- [Task description]
Give all the lines below again, exactly, with no pictures.

[Stored entries]
==*==

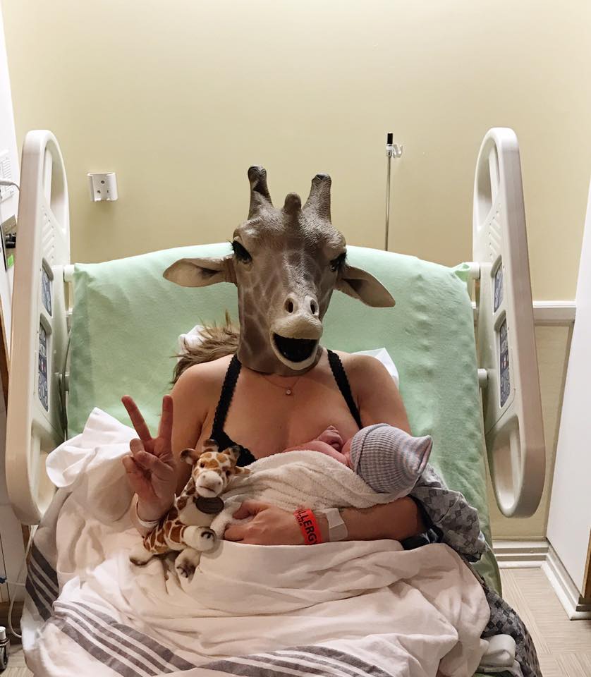 Erin Dietrich, recently best known as the giraffe mask mom, had her baby Wednesday night. She posted on Facebook:
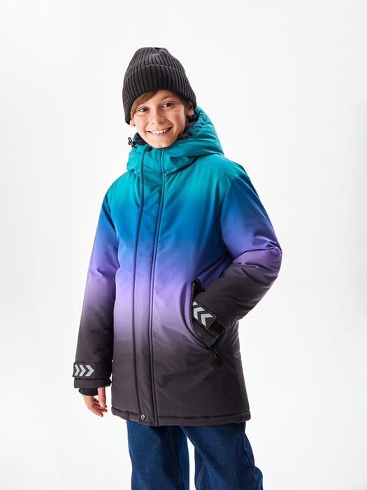 Зимняя куртка прямого кроя для мальчиков с водонепроницаемым покрытием на молнии в градиентной расцветке и с трендовой нашивкой на левом рукаве. Утеплитель пластовой синтепон пластовой к основн ткани - 50  гр/м2,  биопух к подкладке- 250 гр/м2, мембрана. Манжет рукава с прочной внешней поверхностью и мягким внутренним слоем с велюровым ворсом. Температурный режим до минус 30 градусов. Карманы на молниях обеспечивают удобство для хранения мелочей. Надежная фурнитура: прочные застежки и молнии, которые обеспечивают долгий срок службы.  Застежка - намолнию закрыта ветрозащитной планкой на кнопках. Воротник - стойка, переходящая в капюшон. Доступна в 2 цветах.
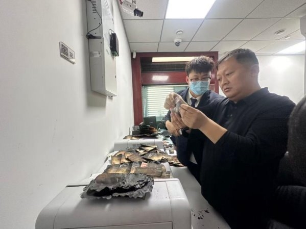涞源县王安镇银山口村的苑某是一名孤寡老人,平日里仅靠务农维持生计,生活本就清贫,又因脑出血身体不适,本打算用从银行取出的毕生积蓄前往医院医治,这份钱款是老人的救命钱、养老钱,承载着他对生活的全部期盼。可天有不测风云,老人家中突发火灾,火情虽被及时扑灭未造成人员伤亡,但存放家中的数万积蓄却在大火中被吞噬,又经灭火的水渍浸泡,纸币变得严重碳化、粘连结块,损毁程度触目惊心。看着辛苦一生攒下的积蓄变成一堆焦块,老人心急如焚、手足无措,陷入了深深的绝望之中。
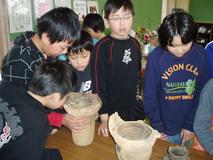 ★ 土器にさわる 今回は、縄文時代中期の土器2点、晩期の土器1点、石器6点の合計9点の本物の資料と毛皮などの復元資料を持参し、子供たちに 縄文時代の実生活で使われた道具にさわる体験をしました。 |
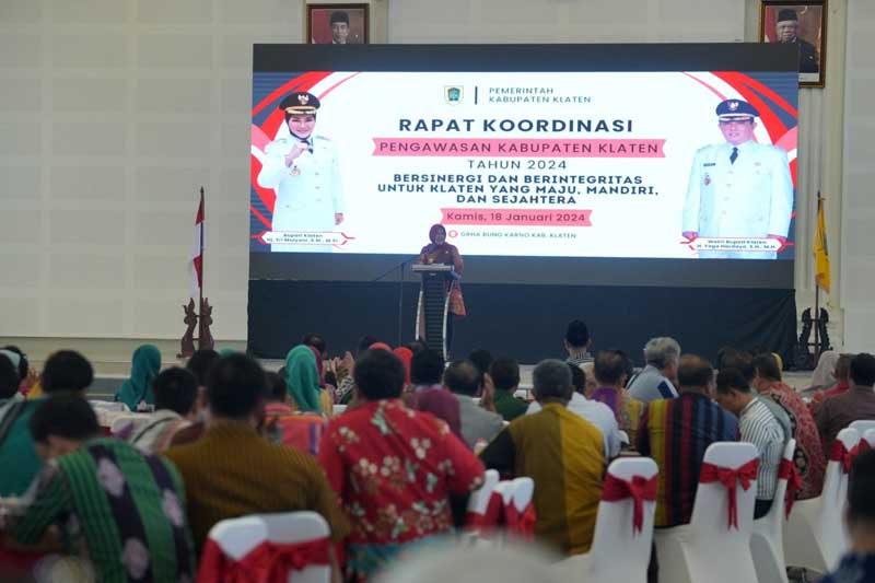 KLATEN, Cakram.net – Bupati Klaten, Sri Mulyani dalam Rapat Koordinasi (Rakor) Pengawasan Inspektorat Kabupaten Klaten mencanangkan 77 Sekolah Dasar (SD) Berintegritas dan 31 Desa Antikorupsi di Klaten.
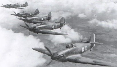 Une formation de Hawker Hurricanes du Squadron 1 au-dessus de la France
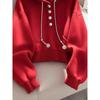 Sudadera roja retro americana con capucha para mujer 2024 otoño e invierno nueva estilo holgado perezoso top de chaqueta de alta gama
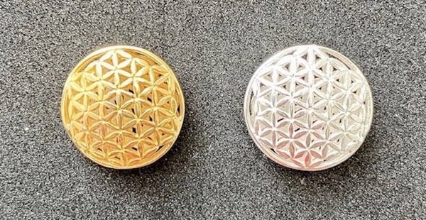 Die Guru-Perle „Blume des Lebens“ ist wahlweise in Gold oder Silber erhältlich.
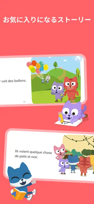 ・日常フランス語の習得 レッスンでは日常生活で使える単語や表現を学ぶので、バイリンガルの能力を伸ばすスタートを切ることができます。 ・スピーキング力の早期向上 インタラクティブなスピーキングのアクティビティを通して、単語やフレーズを自分から発することを促します。語学学習のスタートが早ければ早いほど、早く上達する可能性が高くなります。 ・音声の多様さ 登場するキャラクターによって、声のトーンや表現、アクセントが異なるため、子どもたちはさまざまな話者の発音の微妙な違いを聞き取ることができます。 ・専門家によるデザイン すべてのアクティビティは、言語・早期教育の専門家によってデザインされています。徹底的に考え抜かれたレッスンで、お子さまの自信を一歩ずつ育むことができます。 ・お子様にも安全、完全広告なし お子様の学習を妨げる煩わしい広告が一切ないので、保護者の方も安心です。すべてのコンテンツは3歳以上のお子様に適しています。 ・オフラインで学習が可能 Learn Frenchはオンライン・オフラインどちらでも学習可能です。飛行機の中、レストラン、公園など、いつでもどこでもご利用いただけます。 <保護者の方々からの評価> 「バイリンガルの子どもを家庭で育てようとしている親として、Studycatは子どもの言語に対する興味を高め、フランス語学習を始める第一歩として非常に役立つアプリです。」ーFluent in 3 Months 「すべてがとても考え抜かれていて、ゲームやアクティビティが本当に魅力的です」ーBilingual Kidspot 「コンセプトはとてもシンプルですが、非常に効果的です。私自身も同時に学んでいることに気づきました。」— Bump, Baby & You -- Learn Frenchにご興味あれば、Learn French unlimited(無制限)を7日間無料でお試しください!お子様の学習意欲をかつてないほど高めましょう。印刷可能なワークシートなどの特典もご利用いただけます。 <Learn French unlimitedのサブスクリプションを選択いただいた場合> ・お支払いはお客様のAppleアカウントで行われ、現期間が終了する24時間前までに更新の請求がされます。 ・自動更新は、購入後にApp Storeの設定からいつでもオフにすることができます。 ・無料トライアル期間が提供されている場合、その期間の未使用分はサブスクリプション購入時で失効します。 プライバシーポリシー: https://studycat.com/about/privacy-policy/ 利用規約: https://studycat.com/about/terms-of-use/
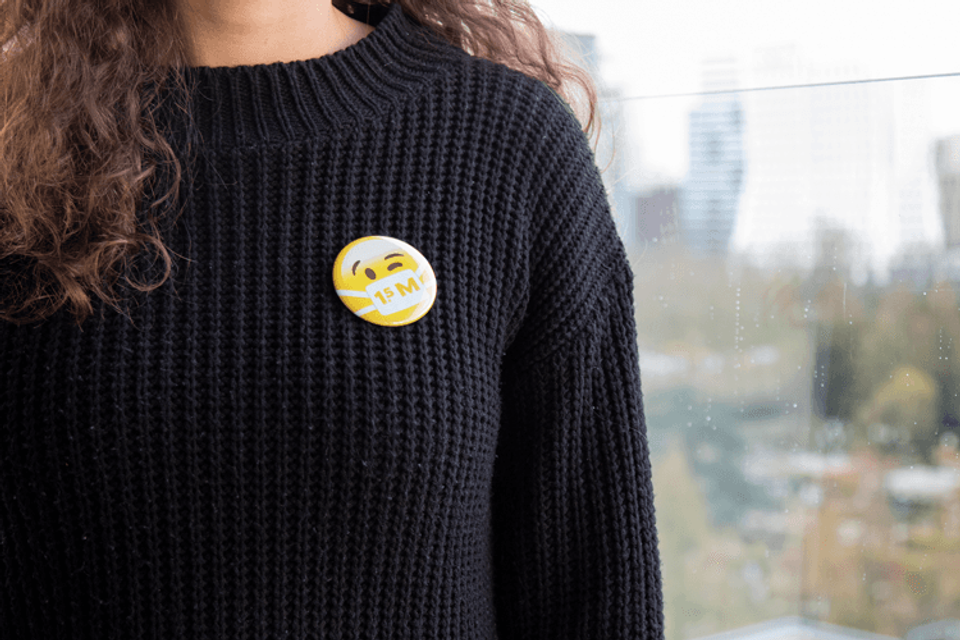 Jammer genoeg is het nog even wachten voordat we weer drie kussen of een dikke knuffel kunnen geven. Willen we dat vreselijke virus verslaan, dan zitten we voorlopig vast aan die anderhalve meter afstand. En om die regel nog maar eens kracht bij te zetten werd deze ludieke button in het leven geroepen. Zodat je op een vriendelijke manier duidelijk kunt maken dat je je graag aan deze regel houdt. Een ideaal product voor o.a. supermarkt- en winkelmedewerkers, koeriers, bezorgers en leraren die straks de schoolexamens moeten afnemen.
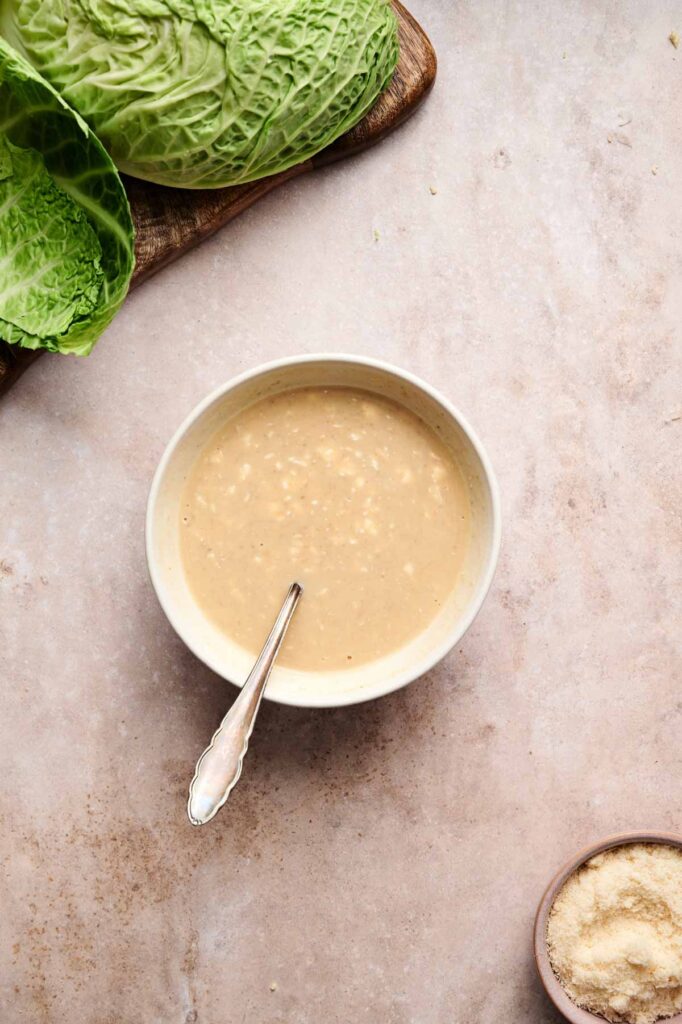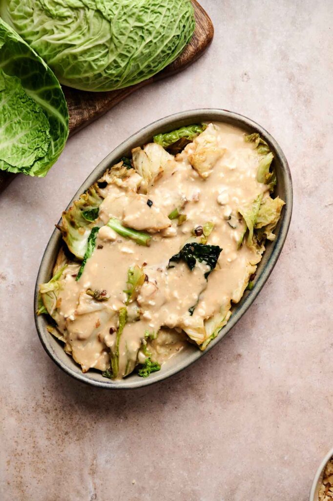 Spread this creamy layer evenly over the cabbage using the back of a spoon or spatula. A silicone spatula like this one makes it easy to spread smoothly and gets into the corners of the dish without tearing up the cabbage underneath.
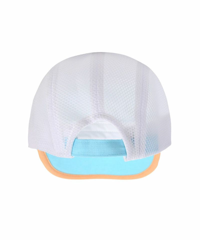 アクアブルーとオレンジカラーのバランスがおしゃれなキャップ。前はクジラワッペンがアクセントに、後はメッシュ混の生地で通気性がよく暑い季節にも適した帽子です。
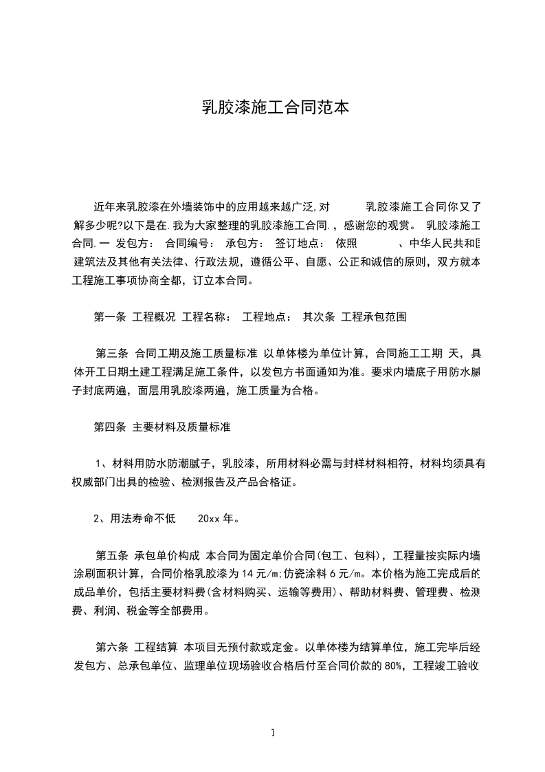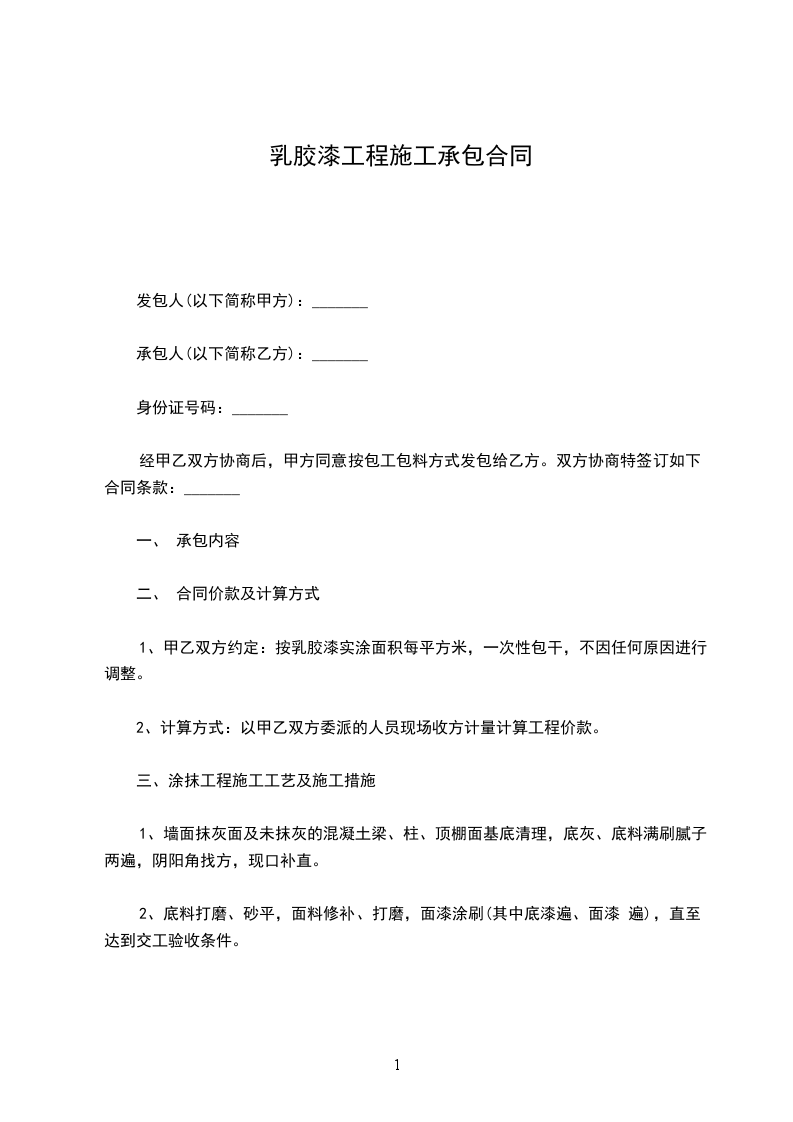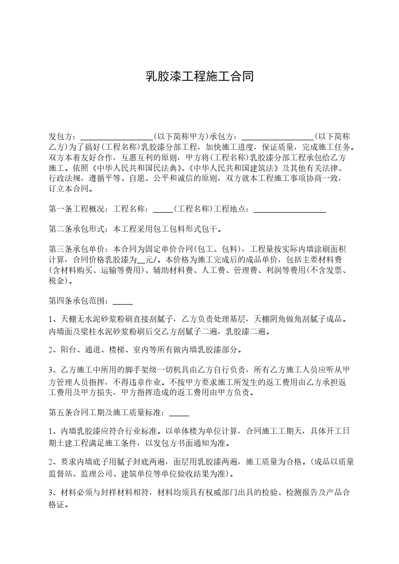 发包方:__________________(以下简称甲方)承包方:__________________(以下简称乙方)为了搞好(工程名称)乳胶漆分部工程,加快施工进度,保证质量,完成施工任务。双方本着友好合作,互惠互利的原则,甲方将(工程名称)乳胶漆分部工程承包给乙方施工。依照《中华人民共和国民法典》、《中华人民共和国建筑法》及其他有关法律、行政法规,遵循平等、自愿、公平和诚信的原则,双方就本工程施工事项协商一致,订立本合同。
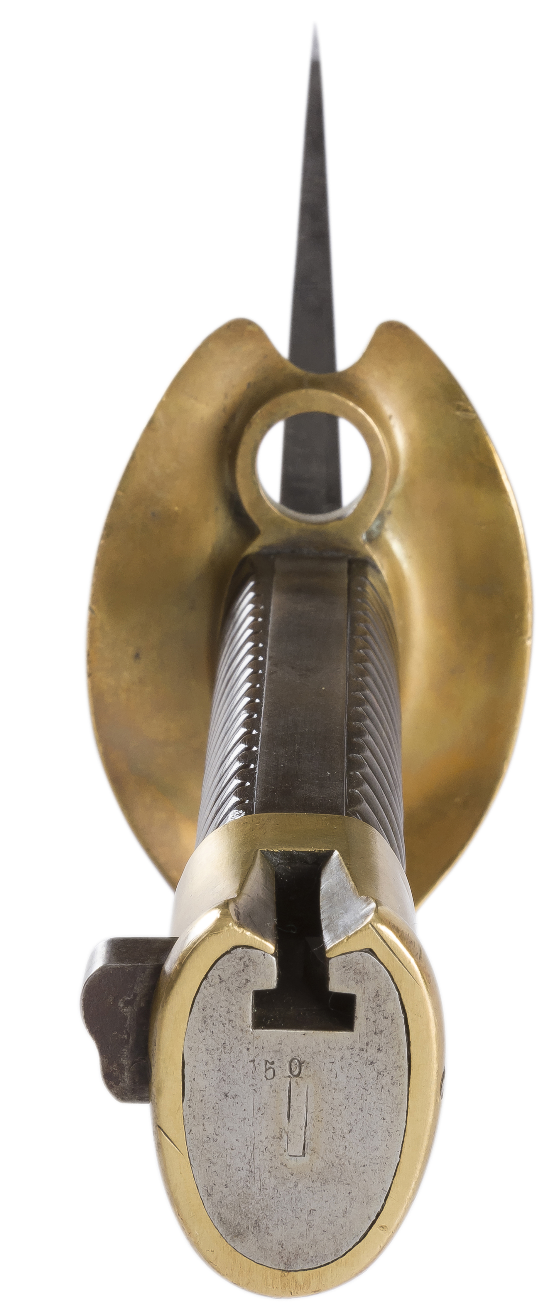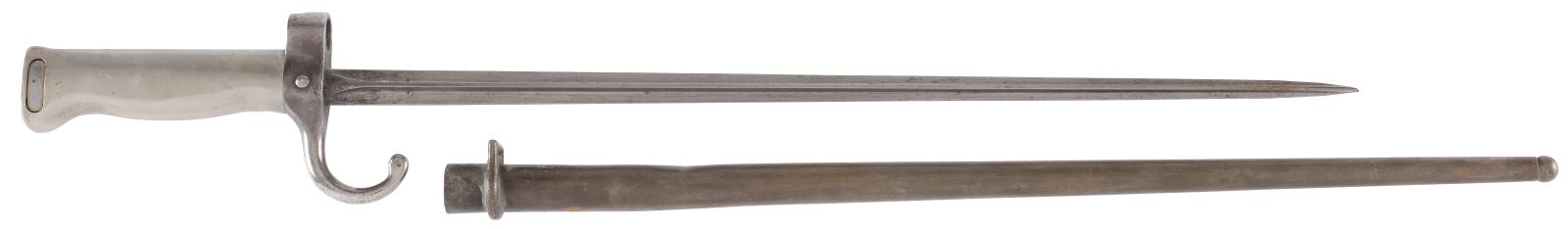 Poignée en maillechort avec rainure latérale pour le passage de la baguette de nettoyage du fusil. Croisière matriculée et poinçonnée. Lame cruciforme poinçonnée. Fourreau en tôle d’acier adapté à la longueur de la lame.

==*==

- [Solved problem]
 Erin Dietrich, recently best known as the giraffe mask mom, had her baby Wednesday night. She posted on Facebook:
 Зимняя куртка прямого кроя для мальчиков с водонепроницаемым покрытием на молнии в градиентной расцветке и с трендовой нашивкой на левом рукаве. Утеплитель пластовой синтепон пластовой к основн ткани - 50  гр/м2,  биопух к подкладке- 250 гр/м2, мембрана. Манжет рукава с прочной внешней поверхностью и мягким внутренним слоем с велюровым ворсом. Температурный режим до минус 30 градусов. Карманы на молниях обеспечивают удобство для хранения мелочей. Надежная фурнитура: прочные застежки и молнии, которые обеспечивают долгий срок службы.  Застежка - намолнию закрыта ветрозащитной планкой на кнопках. Воротник - стойка, переходящая в капюшон. Доступна в 2 цветах.
涞源县王安镇银山口村的苑某是一名孤寡老人,平日里仅靠务农维持生计,生活本就清贫,又因脑出血身体不适,本打算用从银行取出的毕生积蓄前往医院医治,这份钱款是老人的救命钱、养老钱,承载着他对生活的全部期盼。可天有不测风云,老人家中突发火灾,火情虽被及时扑灭未造成人员伤亡,但存放家中的数万积蓄却在大火中被吞噬,又经灭火的水渍浸泡,纸币变得严重碳化、粘连结块,损毁程度触目惊心。看着辛苦一生攒下的积蓄变成一堆焦块,老人心急如焚、手足无措,陷入了深深的绝望之中。
 ★ 土器にさわる 今回は、縄文時代中期の土器2点、晩期の土器1点、石器6点の合計9点の本物の資料と毛皮などの復元資料を持参し、子供たちに 縄文時代の実生活で使われた道具にさわる体験をしました。 |
 KLATEN, Cakram.net – Bupati Klaten, Sri Mulyani dalam Rapat Koordinasi (Rakor) Pengawasan Inspektorat Kabupaten Klaten mencanangkan 77 Sekolah Dasar (SD) Berintegritas dan 31 Desa Antikorupsi di Klaten.
 Une formation de Hawker Hurricanes du Squadron 1 au-dessus de la France
 Sudadera roja retro americana con capucha para mujer 2024 otoño e invierno nueva estilo holgado perezoso top de chaqueta de alta gama
 Die Guru-Perle „Blume des Lebens“ ist wahlweise in Gold oder Silber erhältlich.
 ・日常フランス語の習得 レッスンでは日常生活で使える単語や表現を学ぶので、バイリンガルの能力を伸ばすスタートを切ることができます。 ・スピーキング力の早期向上 インタラクティブなスピーキングのアクティビティを通して、単語やフレーズを自分から発することを促します。語学学習のスタートが早ければ早いほど、早く上達する可能性が高くなります。 ・音声の多様さ 登場するキャラクターによって、声のトーンや表現、アクセントが異なるため、子どもたちはさまざまな話者の発音の微妙な違いを聞き取ることができます。 ・専門家によるデザイン すべてのアクティビティは、言語・早期教育の専門家によってデザインされています。徹底的に考え抜かれたレッスンで、お子さまの自信を一歩ずつ育むことができます。 ・お子様にも安全、完全広告なし お子様の学習を妨げる煩わしい広告が一切ないので、保護者の方も安心です。すべてのコンテンツは3歳以上のお子様に適しています。 ・オフラインで学習が可能 Learn Frenchはオンライン・オフラインどちらでも学習可能です。飛行機の中、レストラン、公園など、いつでもどこでもご利用いただけます。 <保護者の方々からの評価> 「バイリンガルの子どもを家庭で育てようとしている親として、Studycatは子どもの言語に対する興味を高め、フランス語学習を始める第一歩として非常に役立つアプリです。」ーFluent in 3 Months 「すべてがとても考え抜かれていて、ゲームやアクティビティが本当に魅力的です」ーBilingual Kidspot 「コンセプトはとてもシンプルですが、非常に効果的です。私自身も同時に学んでいることに気づきました。」— Bump, Baby & You -- Learn Frenchにご興味あれば、Learn French unlimited(無制限)を7日間無料でお試しください!お子様の学習意欲をかつてないほど高めましょう。印刷可能なワークシートなどの特典もご利用いただけます。 <Learn French unlimitedのサブスクリプションを選択いただいた場合> ・お支払いはお客様のAppleアカウントで行われ、現期間が終了する24時間前までに更新の請求がされます。 ・自動更新は、購入後にApp Storeの設定からいつでもオフにすることができます。 ・無料トライアル期間が提供されている場合、その期間の未使用分はサブスクリプション購入時で失効します。 プライバシーポリシー: https://studycat.com/about/privacy-policy/ 利用規約: https://studycat.com/about/terms-of-use/
 Jammer genoeg is het nog even wachten voordat we weer drie kussen of een dikke knuffel kunnen geven. Willen we dat vreselijke virus verslaan, dan zitten we voorlopig vast aan die anderhalve meter afstand. En om die regel nog maar eens kracht bij te zetten werd deze ludieke button in het leven geroepen. Zodat je op een vriendelijke manier duidelijk kunt maken dat je je graag aan deze regel houdt. Een ideaal product voor o.a. supermarkt- en winkelmedewerkers, koeriers, bezorgers en leraren die straks de schoolexamens moeten afnemen.
 Spread this creamy layer evenly over the cabbage using the back of a spoon or spatula. A silicone spatula like this one makes it easy to spread smoothly and gets into the corners of the dish without tearing up the cabbage underneath.
 アクアブルーとオレンジカラーのバランスがおしゃれなキャップ。前はクジラワッペンがアクセントに、後はメッシュ混の生地で通気性がよく暑い季節にも適した帽子です。
 发包方:__________________(以下简称甲方)承包方:__________________(以下简称乙方)为了搞好(工程名称)乳胶漆分部工程,加快施工进度,保证质量,完成施工任务。双方本着友好合作,互惠互利的原则,甲方将(工程名称)乳胶漆分部工程承包给乙方施工。依照《中华人民共和国民法典》、《中华人民共和国建筑法》及其他有关法律、行政法规,遵循平等、自愿、公平和诚信的原则,双方就本工程施工事项协商一致,订立本合同。
 Poignée en maillechort avec rainure latérale pour le passage de la baguette de nettoyage du fusil. Croisière matriculée et poinçonnée. Lame cruciforme poinçonnée. Fourreau en tôle d’acier adapté à la longueur de la lame.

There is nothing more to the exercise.